Chronique Médium de Philippe Sollers

Olivier Renault Librairie L’Arbre à Lettres (Paris 14e)

Sollers publie un nouveau roman, Médium (entre autres : un format de bouteille de champagne). Le lecteur pressé n’y verra que répétition ; j’y entends un art de la variation, à lire, en contrepoint, avec Fugues (Folio).

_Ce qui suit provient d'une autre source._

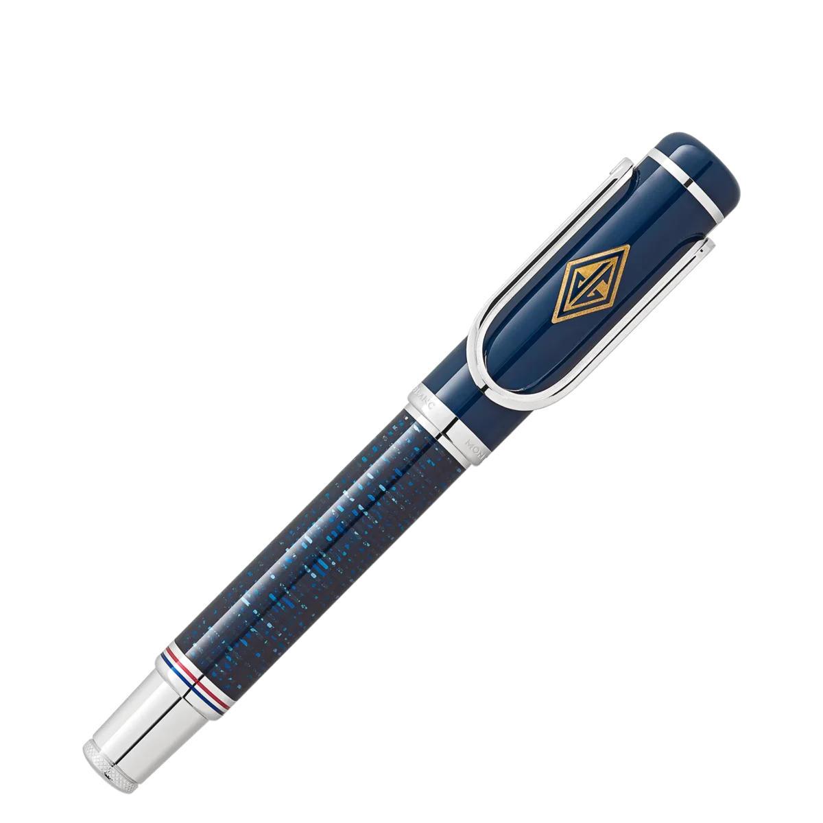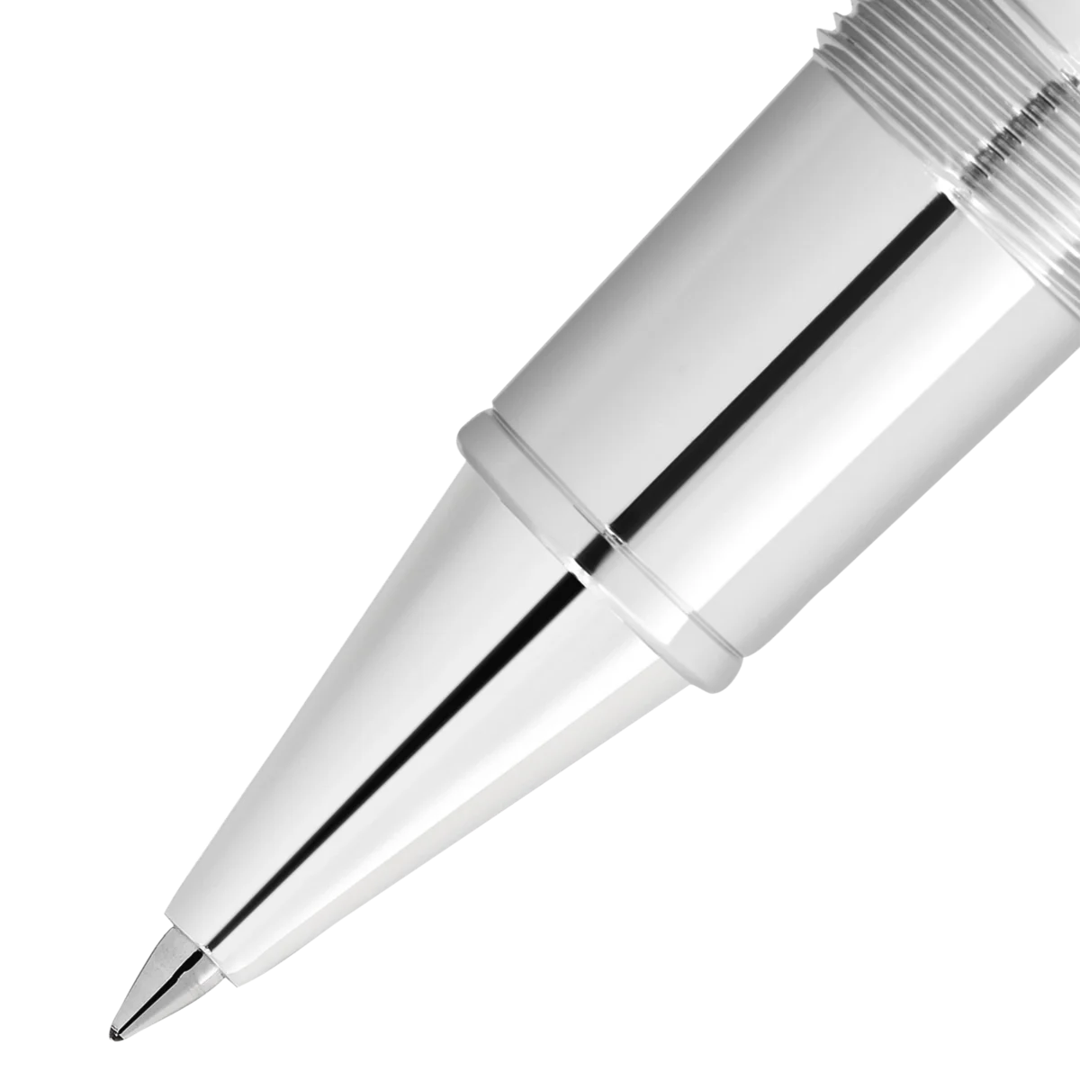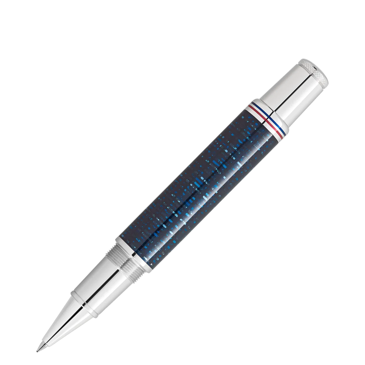 Certos romances entram para a história da literatura e, ao mesmo tempo, passam a simbolizar toda uma época. O Grande Gatsby, de F. Scott Fitzgerald, é uma dessas joias da literatura americana moderna. Publicado em 1925, o romance retrata de forma fascinante a Era do Jazz e os loucos anos 20, uma época de riqueza e autoindulgência sem precedentes. A pulsante cidade de Nova Iorque, as mansões opulentas de Long Island e as deslumbrantes festas da alta sociedade são o pano de fundo da história de Jay Gatsby, um milionário misterioso que não medirá esforços para reconquistar o amor perdido da sua juventude, Daisy Buchanan.A deslumbrante Nova Iorque da era Gatsby, onde os arranha-céus Art Déco cintilantes no céu azul do entardecer inspiraram o design da edição especial Great Characters Homage to The Great Gatsby. Criada como uma homenagem a um dos primeiros instrumentos de escrita Montblanc da era Art Déco, a superfície do corpo, trabalhada com uma técnica especial, parece refletir as fachadas iluminadas dos arranha-céus da cidade em expansão à noite. Não se trata de um dispositivo fictício, mas sim de algo que brilha como a luz verde no cais da casa de Daisy em «O Grande Gatsby»: o emblema fluorescente da Montblanc na parte superior da tampa capta e armazena luz durante o dia, para que brilhe no escuro. O poder aparente do dinheiro é simbolizado nesta edição pelo clipe revestido a platina, que tem a forma de um clipe para notas. A sua abertura arredondada é resplandecente com as iniciais de Jay Gatsby como um monograma Art Déco revestido a ouro romboidal. O mito do sonho americano e o design dos elegantes frascos de bolso do período Art Déco são referenciados pelo cone que imita a tampa de rosca gravada de um frasco e os finos anéis nas cores da bandeira americana que o circundam.

Un homme passe sa vie entre Paris et Venise, où il prend ses habitudes à la Riviera, restaurant situé près de la gare maritime, loin des touristes (pas de magasins). Il y mange, boit, lit, pense. Il est observé par Loretta, la petite-fille du propriétaire, intriguée par cet étrange « professore » silencieux. Il se nouera entre eux une relation amicale ou amoureuse à distance, quelle différence ? Une autre femme occupe sa vie vénitienne : Ada, dont l’ardeur se déploie dans les massages à domicile. Entre eux se noue une relation particulière basée sur l’efficacité physique et le silence. Il est à l’écoute, non de ses pulsions mais de ses sensations. L’unicité de l’individu, son eccéité, c’est ce fond même de sensations qui ne sauraient mentir. Apogée lorsque le verbe s’en mêle. « Il y a un corps dans le corps qui a sans cesse des choses à vous dire et à vous redire. On ne se lasse pas de cette musique, et, ici, il faut une partenaire pour savoir qui on est vraiment. » Il écoute, observe, boit, se drogue un peu, offre à son corps des propriétés de dilation, d’élation, de métamorphoses. Question de focale, il sait voir au plus près ce qui l’entoure tout en analysant notre monde contemporain, son bruit, sa déraison. Il écrit d’ailleurs un Manuel de contre-folie, petit bréviaire à l’usage des résistants qui veulent armer davantage leur système nerveux. Ses armes ? L’art de lire vraiment (activité de plus en plus rare) des grands textes, surtout français, que d’aucuns croient périmés par l’agitation affairiste et consumériste : Lautréamont, Saint-Simon, par exemple. S’obstine à écrire, en français, à la plume et à l’encre. Non par peur idiote de la technologie (ça n’est pas elle qui est folle, mais les hommes), mais par nécessité physique. Sur une autre longueur d’onde…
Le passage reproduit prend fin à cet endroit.